There are two main kinds of mortgage life insurance for you to consider. Firstly, decreasing term life cover will pay out what is left to pay on your mortgage. This usually makes it the cheaper option as your mortgage debt decreases over time and your dependants will need a smaller pay out the longer the policy lasts.
Level term cover, on the other hand, pays out a lump sum if you should die within the fixed term. This tends to make it more expensive as the pay-out remains the same over the course of the policy term. When choosing the right type of mortgage life insurance for you, it is important to consider your regular living costs and what the shortfall in income might be if your salary is no longer available.
Working out the level of cover you need and whether to go for a decreasing or level term policy can be complex. Because for most of us, we will only deal with this kind of insurance policy once or twice in our lives, it can be really valuable to have someone who is experienced in all things insurance to guide you through the process. This is where your IFA or mortgage broker comes in. They will be able to help you find an exact quote, taking all of your relevant circumstances into consideration. If you are in any way uncertain about the level of cover you need from your mortgage life insurance policy, seeing an IFA or mortgage broker should be your first step.

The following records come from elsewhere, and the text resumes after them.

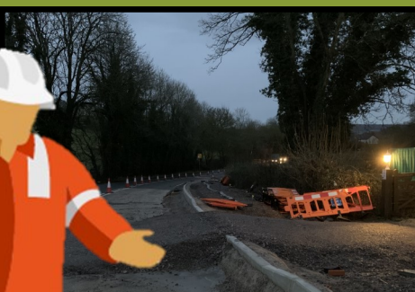
Kerbing and temporary access installed on the A46
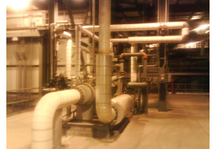
Attemporator spray block bi-directional valves operating maintenance-free for over five years

Absolute zero-leakage. ValvTechnologies tests every valve according to ANSI procedures, however, we toughen the standard and define zero-leakage as no detectable leakage of gas or a liquid for a period of three minutes or greater. The ValvTechnologies' standard is zero drops and zero bubbles, guaranteed.
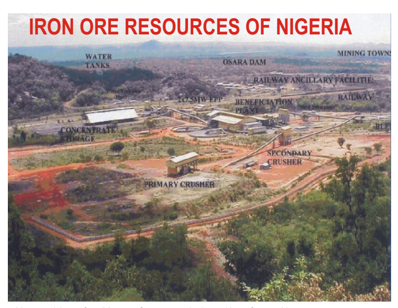
National Iron Ore Mining Company, Itakpe, Kogi State, Nigeria
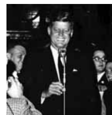
JFK Peace Corps Speech at Union

1960 - On October 14 John F. Kennedy announces the concept of the Peace Corps during a presidential campaign stop on the steps of the Michigan Union. 63
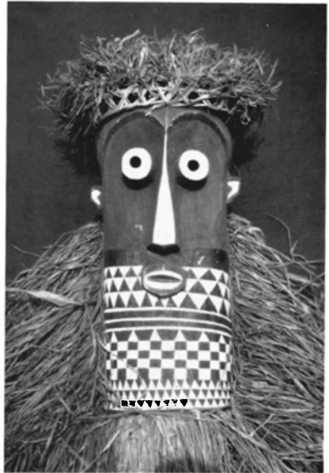
10. PHUMBU, THE KILLER, KASAI. CARVED BY KUOTSHAKANO, CHIEF OF KUOTSHAKANO VILLAGE, AND DANCED IN CERTAIN CHIEFLY INAUGURATIONS.

underlying idea is that the initiates are outside of society during their transition, and are thus "in nature." Indeed, the camps are held in deep bush during dry season when the grass is tall. The third category, exemplified by the mask panyangombe (Fig. 5), is most frequently associated with chiefly symbols of office. The mask is displayed prominently on the insignia houses of chiefs of the various orders. The majority of masks in eastern Pende society are thus subsumed to categories that structure life and thought.
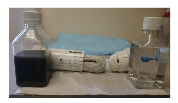
Typical removal results of a Nephros filter.
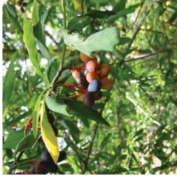
Indian plum 10' to 15' tall 8' to 10' wide Orange/ dark blue berries

One part of taking out a mortgage life insurance policy that many people do not consider, or are not aware of, is the tax implications that arise should you die. Your life insurance is considered to be part of your estate, meaning that your family may have to pay inheritance tax on it. It is usually possible to avoid this by writing the policy in a trust. If you do this, the insurance pays out directly to your dependents and is never part of your estate. Most policies will give you the option to do this for no extra charge, but it is still worth consulting your IFA if you are unsure.

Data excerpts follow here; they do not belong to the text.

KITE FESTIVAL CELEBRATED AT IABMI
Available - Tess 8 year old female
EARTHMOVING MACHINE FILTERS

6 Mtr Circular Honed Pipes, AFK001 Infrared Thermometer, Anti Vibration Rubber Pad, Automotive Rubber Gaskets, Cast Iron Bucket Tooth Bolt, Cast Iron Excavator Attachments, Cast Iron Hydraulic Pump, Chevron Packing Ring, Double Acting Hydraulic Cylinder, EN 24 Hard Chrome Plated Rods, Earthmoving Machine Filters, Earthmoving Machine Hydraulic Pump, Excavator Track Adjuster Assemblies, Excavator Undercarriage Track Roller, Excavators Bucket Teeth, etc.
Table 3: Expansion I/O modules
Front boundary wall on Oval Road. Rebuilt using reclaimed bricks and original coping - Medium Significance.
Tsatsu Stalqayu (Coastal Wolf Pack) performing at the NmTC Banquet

Another important thing to consider is whether you want two single policies or joint cover. While a joint policy will tend to be cheaper than taking out two single ones, there will still likely only be a single pay out on the death of the first policy holder. So while two single policies are typically more expensive, you are guaranteed to get two pay outs when each of you dies. Another factor is that if your relationship breaks down, you will have to cancel your joint policy whereas both parties can continue as is if they have a single policy each.

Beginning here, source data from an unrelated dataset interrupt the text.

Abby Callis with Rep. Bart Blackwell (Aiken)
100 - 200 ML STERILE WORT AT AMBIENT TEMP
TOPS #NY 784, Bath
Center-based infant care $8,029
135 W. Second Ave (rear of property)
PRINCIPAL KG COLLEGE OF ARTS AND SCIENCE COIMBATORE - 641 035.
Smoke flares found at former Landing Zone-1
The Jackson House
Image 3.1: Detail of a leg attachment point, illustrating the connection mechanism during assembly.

Critical illness cover is usually an optional addition to your mortgage life insurance, and it pays out a lump sum if you are diagnosed with a serious condition or have a life-threatening incident like a heart attack. You get a tax-free lump sum to help you cover the cost of living.
Taking out critical illness will mean higher premiums, and not all providers cover the same list of illnesses and conditions. Reading the small print is vital for making sure you have the right cover in place. Also, be honest about any underlying illness you have or that run in your family. If your insurer proves you did not disclose it, you could end up with no pay out at all.
The main difference between these two common types of insurance is that decreasing term mortgage life insurance policies are designed specifically to help you pay an ever-diminishing level of debt. Life insurance policies tend to pay out a lump sum regardless of how long you have had the policy, and your premiums will likely stay the same for the entire policy term.